とはいえ、普通のメーカーであれば、新しい製品を現場で検証しようにも、近くのタクシー会社にアポを取って3日後、となる。これでは遅すぎます。その点、我々の最大の武器は本社にあります。ワンフロアに本社の社員とエンジニア全員がいる。私の席からの距離はわずか12メートル。これは私のこだわりです。

さらに、下に降りれば、クルマも、それを運転するドライバーもたくさんいる。我々自身が客であり、物理的に一緒にいるため、仮説→検証のサイクルをものすごく速く回せるのです。

渋谷にあるスタートアップのような、おしゃれなオフィスではないかもしれません。しかし、いち早く答えにたどり着き、世の中にリアルなインパクトを与える上で、これ以上の環境があるでしょうか。

【5】オールインワンで世界を変える

ソフト、ハード、オペレーションの3つがそろったオールインワンのシステムを2018年までに完成させ、世界へ
ソフト、ハード、オペレーションの3つがそろったオールインワンのシステムを2018年までに完成させ、世界へ

オールインワンシステムは2018年1月までには完成させる予定です。2020年の東京オリンピック開催に合わせ、トヨタがタクシー専用車を30年ぶりに出すからです。そこに我々のシステムを丸ごと入れれば、シンプル、かつコストも低い究極のタクシーが完成します。

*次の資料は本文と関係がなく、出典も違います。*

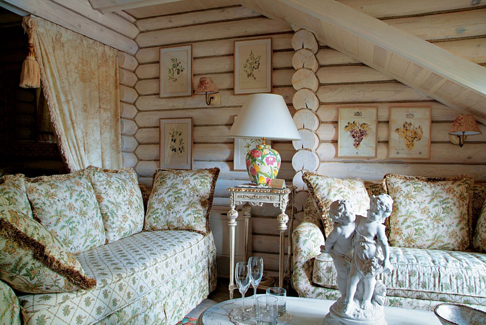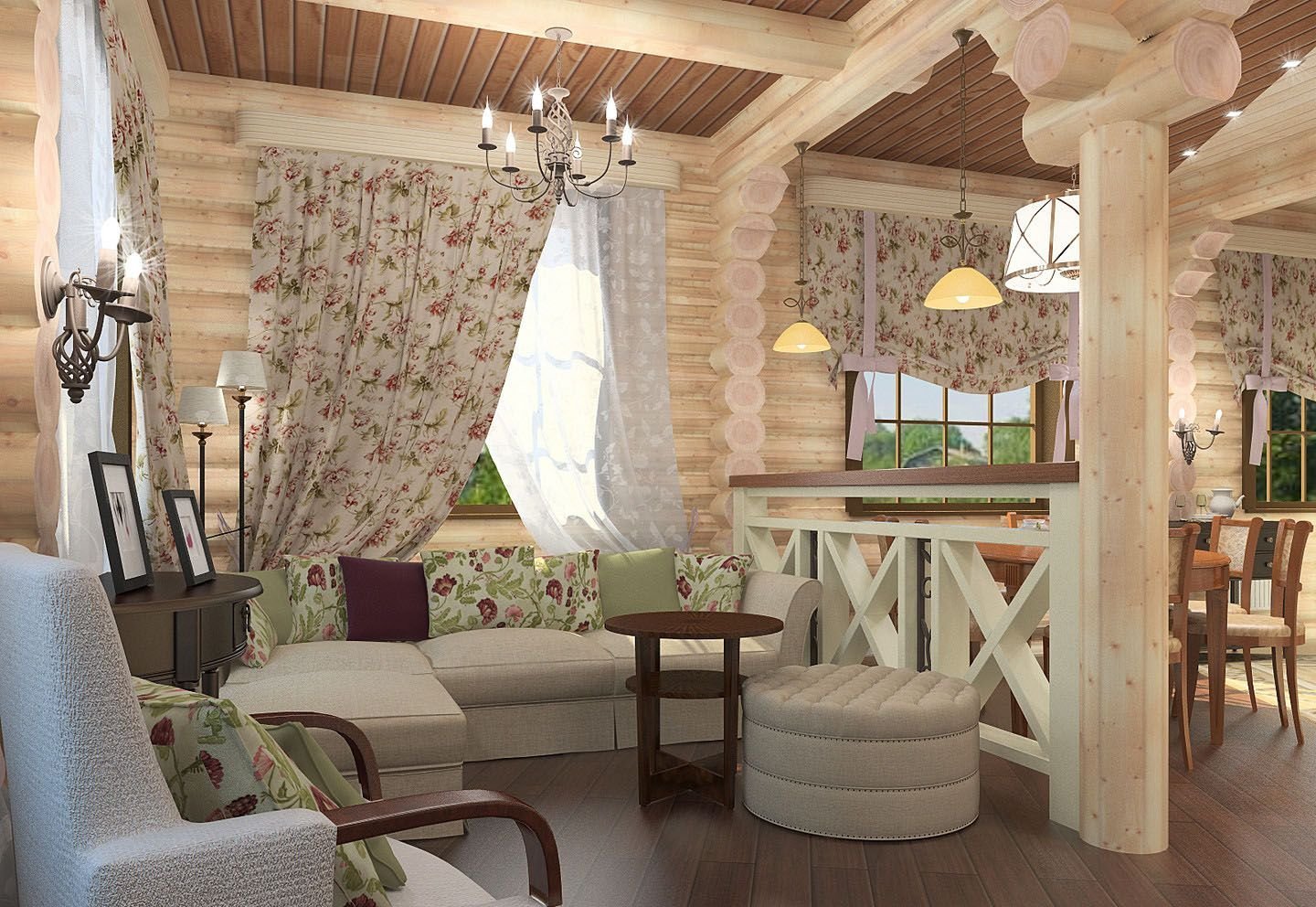 Гостиная Прованс Кантри в бревенчатом доме

同時に、全国に6400以上あるタクシー会社をM&Aで再編し、会社としても大きく成長させるつもりです。

実は2年ほど前、シンガポール、ベトナム、ミャンマーなどのタクシー会社から、出資しないかという話がありました。しかし、ギリギリまで検討しましたが、いずれも思いとどまりました。

丸腰で出て行っても、成熟度も文化も違う国ではオペレーションの改善に時間が掛かります。おそらく、当時出資を始めたとして、ドライバーすべてに改善結果が行き渡るのは10年後だったでしょう。

ですが、今回話したオールインワンシステムが完成した上でなら、3年後に始めても同じころにはできると考えています。

日本のタクシーオペレーションは世界一と言われてきました。そこは間違いないと確信していますが、私はソフトウエア、ハードウエア事業と合わせて世界へ行くのが近道だと考えているのです。その準備は着々と進んでいます。

エンジニア目線で見れば、自分が作ったものが世界を変える、リアルな実感と喜びを感じる時がすぐそこまで来ているのです。